***** Exercise materials

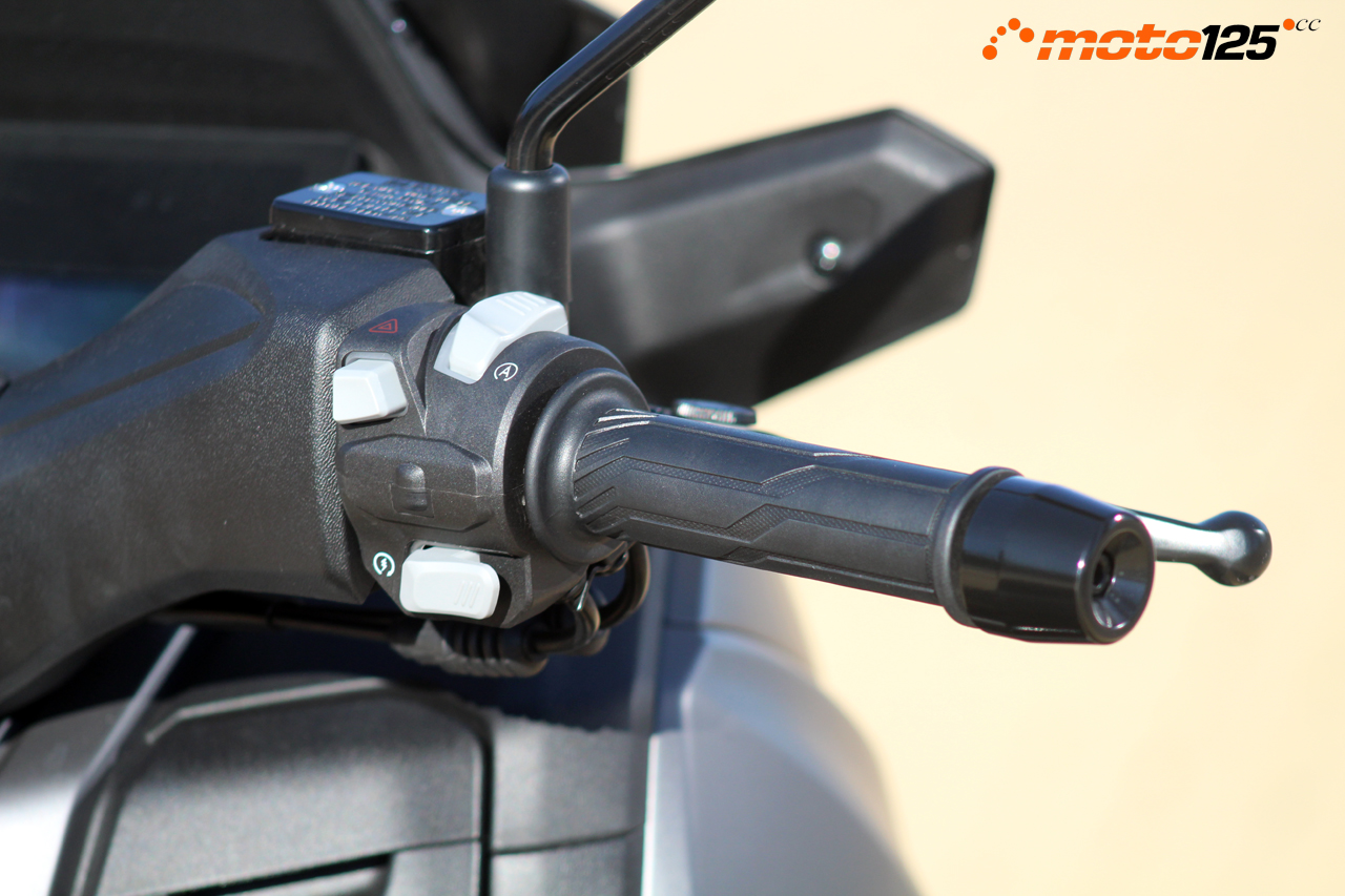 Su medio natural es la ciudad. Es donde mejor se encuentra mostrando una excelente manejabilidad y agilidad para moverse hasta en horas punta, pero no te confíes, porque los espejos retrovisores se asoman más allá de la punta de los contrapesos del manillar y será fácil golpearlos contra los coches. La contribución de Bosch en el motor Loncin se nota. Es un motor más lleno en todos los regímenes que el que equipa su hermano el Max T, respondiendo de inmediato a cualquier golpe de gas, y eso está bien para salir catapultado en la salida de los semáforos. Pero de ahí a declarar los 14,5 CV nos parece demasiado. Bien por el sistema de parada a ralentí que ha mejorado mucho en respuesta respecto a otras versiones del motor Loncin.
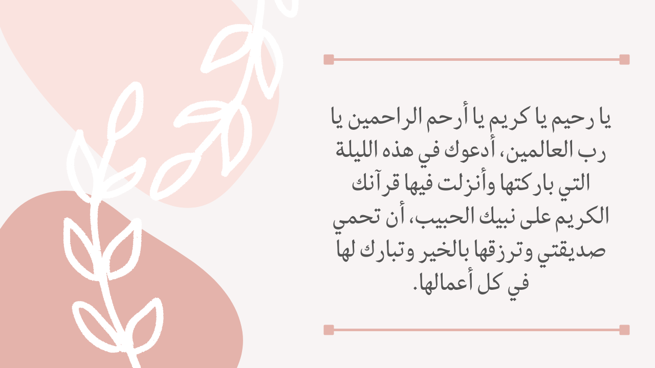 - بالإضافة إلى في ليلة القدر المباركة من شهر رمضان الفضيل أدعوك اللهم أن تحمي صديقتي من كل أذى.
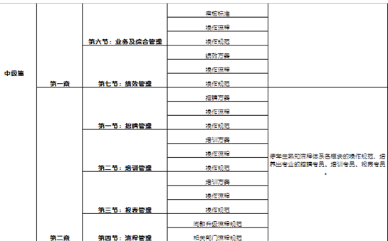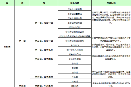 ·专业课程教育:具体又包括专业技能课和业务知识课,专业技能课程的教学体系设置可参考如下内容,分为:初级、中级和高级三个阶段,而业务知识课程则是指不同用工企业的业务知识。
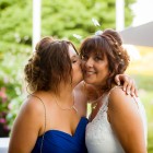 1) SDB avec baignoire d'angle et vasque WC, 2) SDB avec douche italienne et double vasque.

**********
***** Exercise materials

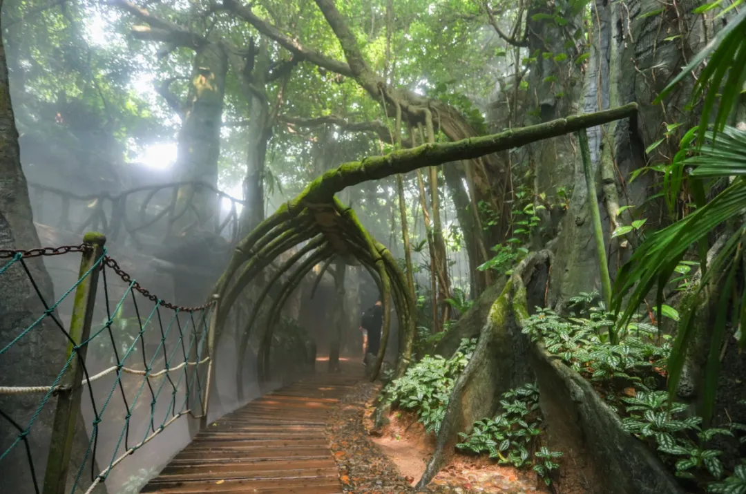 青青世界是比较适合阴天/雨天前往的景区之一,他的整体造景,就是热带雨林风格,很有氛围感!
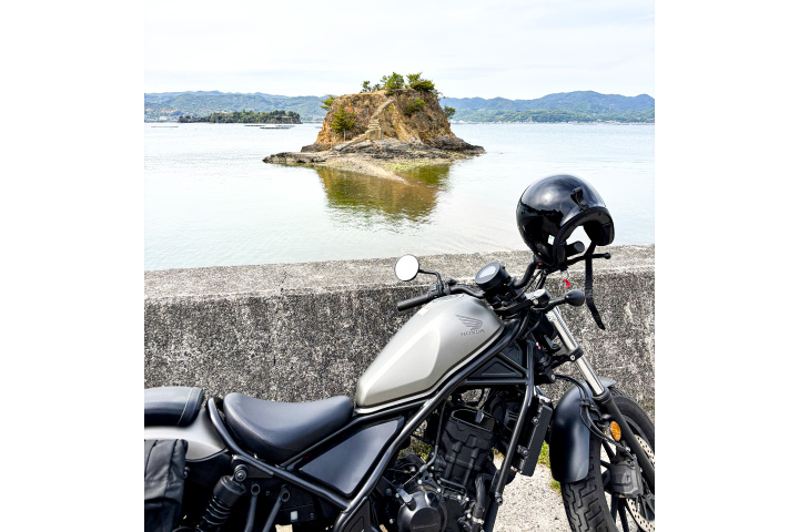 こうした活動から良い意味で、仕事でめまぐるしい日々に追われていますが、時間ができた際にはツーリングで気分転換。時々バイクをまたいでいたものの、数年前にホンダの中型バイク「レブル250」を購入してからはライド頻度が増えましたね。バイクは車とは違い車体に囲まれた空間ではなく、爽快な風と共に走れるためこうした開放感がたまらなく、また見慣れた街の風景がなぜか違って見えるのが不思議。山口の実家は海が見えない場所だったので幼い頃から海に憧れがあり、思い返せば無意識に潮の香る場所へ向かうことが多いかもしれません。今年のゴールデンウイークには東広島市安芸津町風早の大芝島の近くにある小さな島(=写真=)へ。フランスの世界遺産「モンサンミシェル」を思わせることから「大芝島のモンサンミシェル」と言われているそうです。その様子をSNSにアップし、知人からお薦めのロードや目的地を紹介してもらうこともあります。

**********

**Task description:**
Every line above from the one with "Su medio natural" down to the one with "1) SDB avec" must be written out exactly, and no picture may appear.

**Finished exercise:**
 Su medio natural es la ciudad. Es donde mejor se encuentra mostrando una excelente manejabilidad y agilidad para moverse hasta en horas punta, pero no te confíes, porque los espejos retrovisores se asoman más allá de la punta de los contrapesos del manillar y será fácil golpearlos contra los coches. La contribución de Bosch en el motor Loncin se nota. Es un motor más lleno en todos los regímenes que el que equipa su hermano el Max T, respondiendo de inmediato a cualquier golpe de gas, y eso está bien para salir catapultado en la salida de los semáforos. Pero de ahí a declarar los 14,5 CV nos parece demasiado. Bien por el sistema de parada a ralentí que ha mejorado mucho en respuesta respecto a otras versiones del motor Loncin.
 - بالإضافة إلى في ليلة القدر المباركة من شهر رمضان الفضيل أدعوك اللهم أن تحمي صديقتي من كل أذى.
 ·专业课程教育:具体又包括专业技能课和业务知识课,专业技能课程的教学体系设置可参考如下内容,分为:初级、中级和高级三个阶段,而业务知识课程则是指不同用工企业的业务知识。
 1) SDB avec baignoire d'angle et vasque WC, 2) SDB avec douche italienne et double vasque.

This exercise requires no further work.